"Yeah, and big chainsaw hands!" - Captain Murphy, Sealab 2021
As far as power tools go, the one we saw on a flatbed a few months ago is a doozy, and, (I imagine) very good for trimming trees.
I went to the store the other weekend and bought a Pole Saw. Yes, the name would either indicate it was a misspelling of a side dish for a bratwurst (as in, “You want Slaw wid dat?”) or perhaps a saw best used for sawing up Polish people.
It is neither, though you could use it to saw up Polish people in a pinch.
It is an electric chainsaw. On a stick.
Yes, I know that the lawyers for Homelite® must have gone nuts when they saw that their product development engineers (who get PAID to make chainsaws) had decided to put one on the end of a ten-foot stick.
“Are you crazy? They’ll sue us.”
“Nah. It’s a chainsaw on a stick. How cool is that? Have a beer and throttle down, Mr.

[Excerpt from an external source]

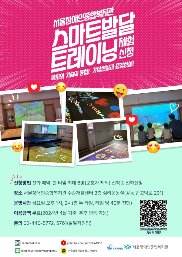 서울장애인종합복지관 스마트발달트레이닝 체험해 보세요. 지금 신청해 보세요.

Wet-Blanket-on-our-Chainsaw-on-a-Stick.”
Apparently they had enough beers to get really, really incriminating pictures of the Homelite© lawyers, and so, I have and electric chainsaw. On a stick. It has a warning label that indicates that I shouldn’t take chainsaw on a stick closer than some specified distance to a power line. I think. It’s in metric, and the Olympics™ are over, so I guess I can just ignore anything in metric safely for another four years.
I took said chainsaw and began cutting at all the dead palm fronds from the palm trees out back. Thirty minutes and five trashbags of palm fronds later, well, The Boy and I were out of trash bags.
The Mrs. had quite the opposite experience last week. It seems that, while I can have a myriad of specialized tools for doing almost anything I can think of (router, band saw, grinder, table saw, about a zillion electric hand-held saws, electric caulk gun, drill press, hand held cordless drills) that the high-tech toys that you can buy to help clean a kitchen include a . . .
Brush.
Really. Oh, sure, there’s scrungie-backed-sponge, but that’s never good for anything besides being stinky on the back of the sink.
The Mrs. had spent hours scrubbing the grout on our tiles in the kitchen with that super-duper high-powered, er, hand brush. It looked good, what she had done.
Meanwhile, I’d taken a toilet brush, used my bandsaw to cut off most of the handle, and used it to give the toilet a nice, high-powered scrub that made it nice and porcelain shiny. It gave off that new toilet smell.
The Mrs. suggested I similarly modify a handled brush she had in the kitchen. Viola! In just three minutes (and a trip to the bandsaw and grinder) she was using my cordless drill to move at warp speed along the grout.
If the
Note to statistics freaks: This is the 47th post wherein I mention chainsaws.